「修羅場」での経営人材の育成には、当事者の「ケア」もセットで
セッションの最後に、モデレータの日置氏は「修羅場」についての登壇者の意見を求めた。経営人材の育成では、ハードなコミットが求められる修羅場の経験がしばしば必要とされる。その一方で、人的資本経営の実践においては、社員の心理的安全性の確保などが強調される。この両者の関係性について日置氏は尋ねた。

「私自身は修羅場が好きではないですが、事業再生を担当していたこともあり、修羅場的な仕事に従事した経験はあります。その経験から言わせてもらえば、その仕事に臨む当事者にWillがあるかどうかが重要だと思います。何らかの目標に向けて目の前の仕事をやり抜く意思があれば、仮に修羅場的な現場にアサインされたとしても、大変な思いはするものの、大きな成長を達成して帰ってきてくれるはずです。

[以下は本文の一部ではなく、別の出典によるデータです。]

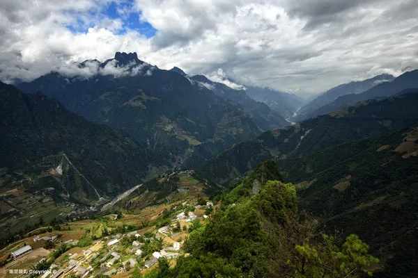 西藏察隅縣察瓦龍鄉(xiāng)全景 穿越貧瘠的干熱河谷時(shí),給我印象最深的是那些“爬在懸崖上的村莊”。當(dāng)?shù)厝顺浞掷脥{谷峭壁上一塊突出的臺(tái)地建房而居,從遠(yuǎn)處望去,荒涼的山崖上斜掛著幾幢別致的藏居和一小片農(nóng)田,實(shí)在讓人擔(dān)心那么小的一塊臺(tái)地是否抵抗得了自然災(zāi)害。從松塔村進(jìn)入干熱河谷后,在怒江峽谷松塔村進(jìn)入干熱河谷后,在怒江峽谷兩岸,這樣的村落不斷出現(xiàn)在眼前,其中崗藏村給我視覺(jué)震撼最大。崗藏村遠(yuǎn)離察瓦龍鄉(xiāng),孤單的“爬”在峭壁上,只有一條可以勉強(qiáng)通行拖拉機(jī)的小路。村莊建在一個(gè)近300米長(zhǎng)的坡上,而縱深不過(guò)100米,旁邊就是怒江峽谷。但就在這樣一小塊地上,僅種植青稞和玉米就養(yǎng)活了25戶人家120余人。
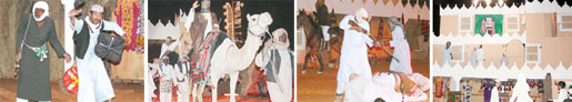 المسرحية نفذت استعراضاً مفتوحاً أمام الجمهور للهجن والخيول وحياة البادية واستخدام البنادق والطلقات النارية واستخدام القنابل والسقوط على الأرض والسقوط من أعلى مبنى الدروازة.
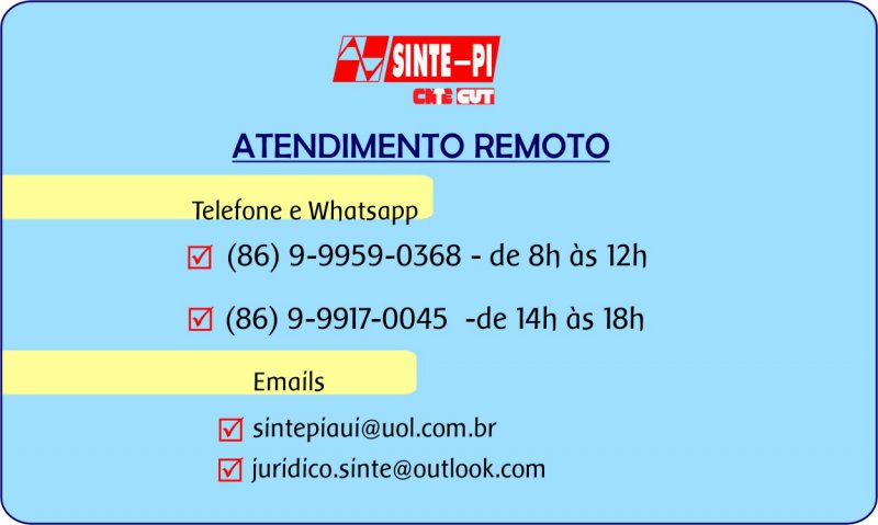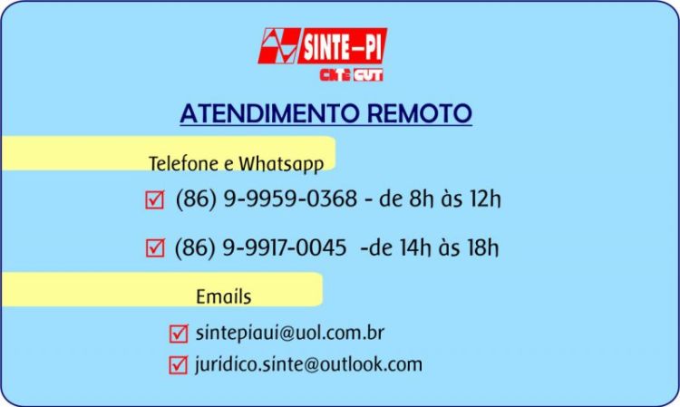 Para facilitar o contato com nossos associados, o SINTE-PI amplia o atendimento remoto, além dos emails agora também os telefones e whatsapp para os contatos e dúvidas. Observe o horário de funcionamento.
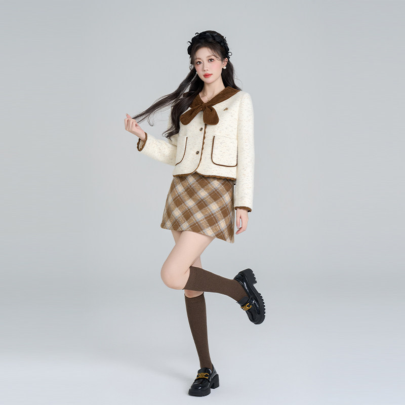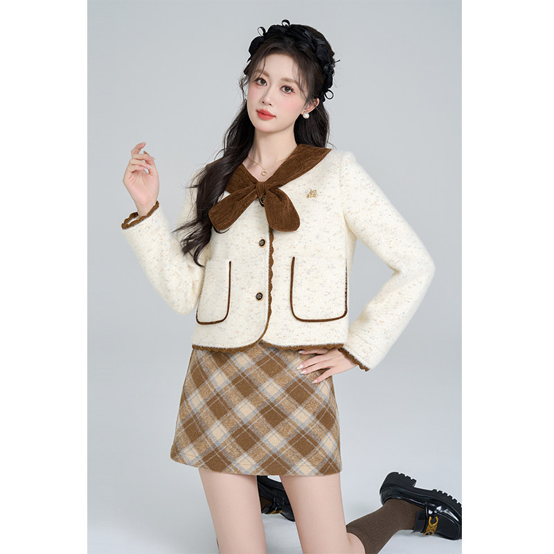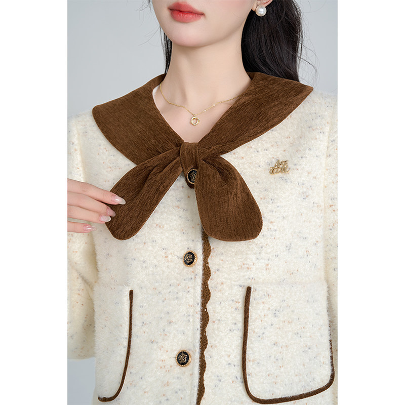 法式娃娃领毛绒绒加厚短外套女冬装新款小个子甜美气质小香风上衣

その一方で、修羅場的な現場が得意ではないという人材も確実に存在するため、その点には見極めが必要だとも思っています」(鈴木氏)
さらに、鈴木氏は修羅場の経験には、組織や仲間からの「ケア」が不可欠だと強調した。無責任に単身で修羅場に送り込むのではなく、頻繁なコミュニケーションや組織的なフォローアップなど、当事者のケアもセットで行うのが欠かせないのだという。